All of that being said, I will say that I have a lot of respect for Denis Reis. He is a wonderful horseman and he's a beautiful rider.


----------



## Scoutrider (Jun 4, 2009)

If there were some crazed law that every rider had to choose a big name trainer to follow (come heck or high water), I would probably pick Clinton Anderson. My horses respond really well to the techniques, especially the groundwork. They are calm, respectful, friendly, safe, and easy to handle. That's awesome, Whispering Meadows, that you may have to opportunity to participate in his Apprenticeship program! I personally use a lot more of a classical dressage based riding program, but, for my new horse (basically green) I started off going through the motions of CA's gaining respect/control exercises to be sure that I stood on level ground, so to speak. A lot of the commercial NH trainers focus on building a foundation, and to have a complete picture different concepts need to come in to play (hence my classical dressage after control).

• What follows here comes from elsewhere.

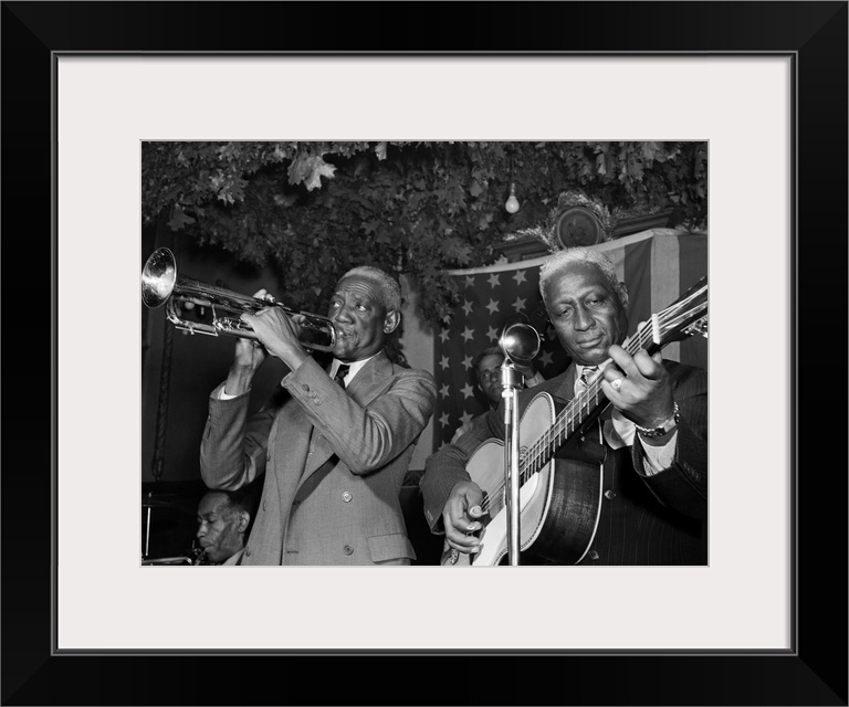 <p>(1889-1949). Known as 'Lead Belly'. American folk musician. Performing with Bunk Johnson at the Stuyvesant Casino in New York City.Photograph by William P. Gottlieb, c1946.</p>
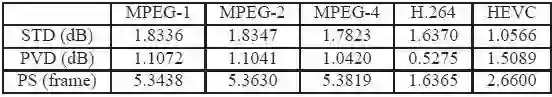 表1 不同压缩标准视频的平均质量标准差、峰谷差和峰间距。

That's interesting, Spirithorse, I didn't know that CA was once a Parelli student! Wow! Although he doesn't say much about partnership in his videos, etc. (at least from what I've seen), to do the liberty work and bridleless riding that he performs at exhibitions, there is a great degree of partnership that has been attained, and that I am sure he must acknowledge and be working toward. Just my opinion, as always, but all of my experience of the Parelli system is talking about partnership, very little "this is how it's done", lots of "this is what you will get to." Granted, this is the free TV show, not watching a DVD set.

Kudos on the wonderful opportunity, Whispering Meadows!


----------



## Spirithorse (Jun 21, 2007)

Yep, a 5 star Parelli Professional, who has been with Pat from the beginning, told us that at a clinic she was giving. He was doing Level 3 when he decided to go out and do his own thing. My personal opinion, the Parelli program is better off without him.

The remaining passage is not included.